--- Problem to work on ---
All lines in the material below that contain "dining" should be located and copied.

--- The input ---

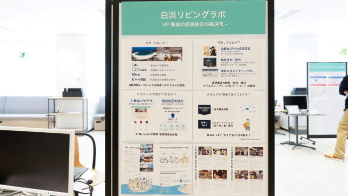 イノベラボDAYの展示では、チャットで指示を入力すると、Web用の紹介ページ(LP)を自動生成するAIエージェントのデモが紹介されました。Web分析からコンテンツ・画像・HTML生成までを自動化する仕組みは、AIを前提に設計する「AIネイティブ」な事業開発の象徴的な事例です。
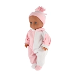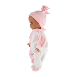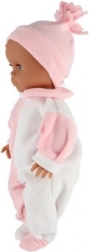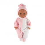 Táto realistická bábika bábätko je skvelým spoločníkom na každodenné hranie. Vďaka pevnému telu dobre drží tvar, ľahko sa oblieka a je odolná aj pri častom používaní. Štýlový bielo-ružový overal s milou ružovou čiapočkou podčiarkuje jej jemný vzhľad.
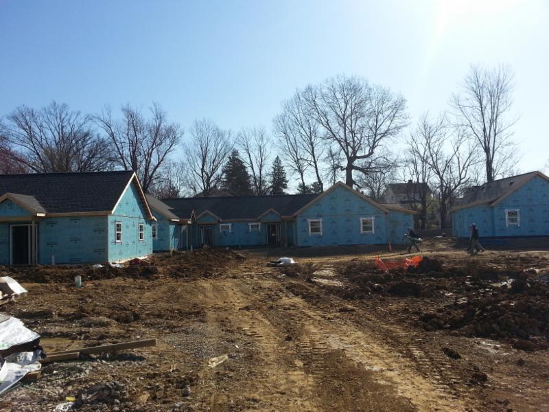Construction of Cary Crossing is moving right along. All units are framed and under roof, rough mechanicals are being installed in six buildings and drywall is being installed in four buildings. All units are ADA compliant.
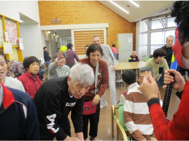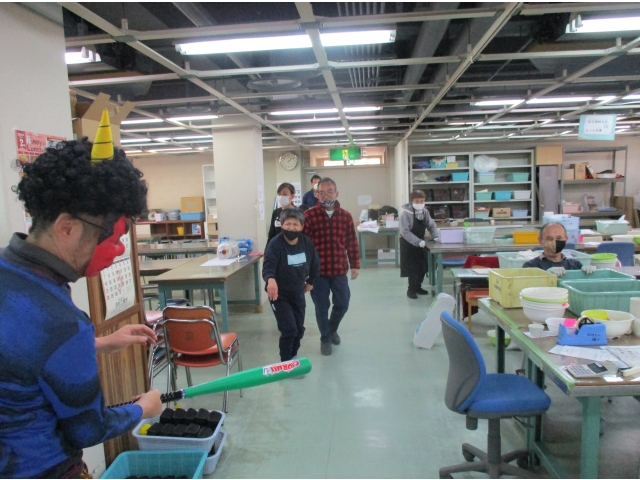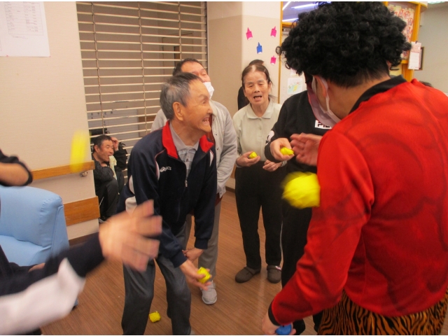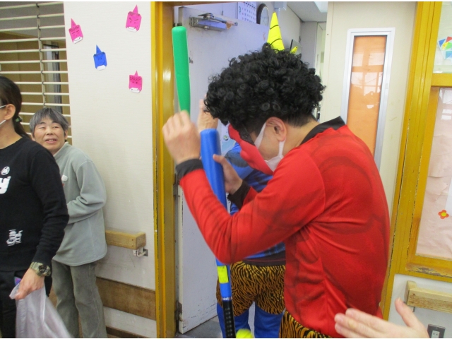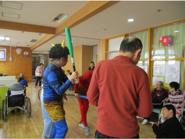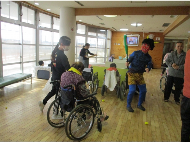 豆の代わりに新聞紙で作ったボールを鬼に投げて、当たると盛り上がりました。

==

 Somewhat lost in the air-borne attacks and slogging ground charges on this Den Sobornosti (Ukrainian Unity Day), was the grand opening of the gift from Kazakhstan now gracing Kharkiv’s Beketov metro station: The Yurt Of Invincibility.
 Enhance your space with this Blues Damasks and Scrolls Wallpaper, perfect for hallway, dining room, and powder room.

---

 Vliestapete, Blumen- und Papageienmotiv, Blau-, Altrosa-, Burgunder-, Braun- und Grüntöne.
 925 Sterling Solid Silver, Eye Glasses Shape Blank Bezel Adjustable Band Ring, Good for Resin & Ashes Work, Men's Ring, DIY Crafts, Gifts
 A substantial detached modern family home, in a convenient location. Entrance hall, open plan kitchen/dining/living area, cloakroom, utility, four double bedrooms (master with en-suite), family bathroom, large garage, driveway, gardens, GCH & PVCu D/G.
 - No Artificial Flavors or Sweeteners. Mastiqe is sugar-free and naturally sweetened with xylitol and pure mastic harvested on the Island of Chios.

--- Task output ---
 Enhance your space with this Blues Damasks and Scrolls Wallpaper, perfect for hallway, dining room, and powder room.
 A substantial detached modern family home, in a convenient location. Entrance hall, open plan kitchen/dining/living area, cloakroom, utility, four double bedrooms (master with en-suite), family bathroom, large garage, driveway, gardens, GCH & PVCu D/G.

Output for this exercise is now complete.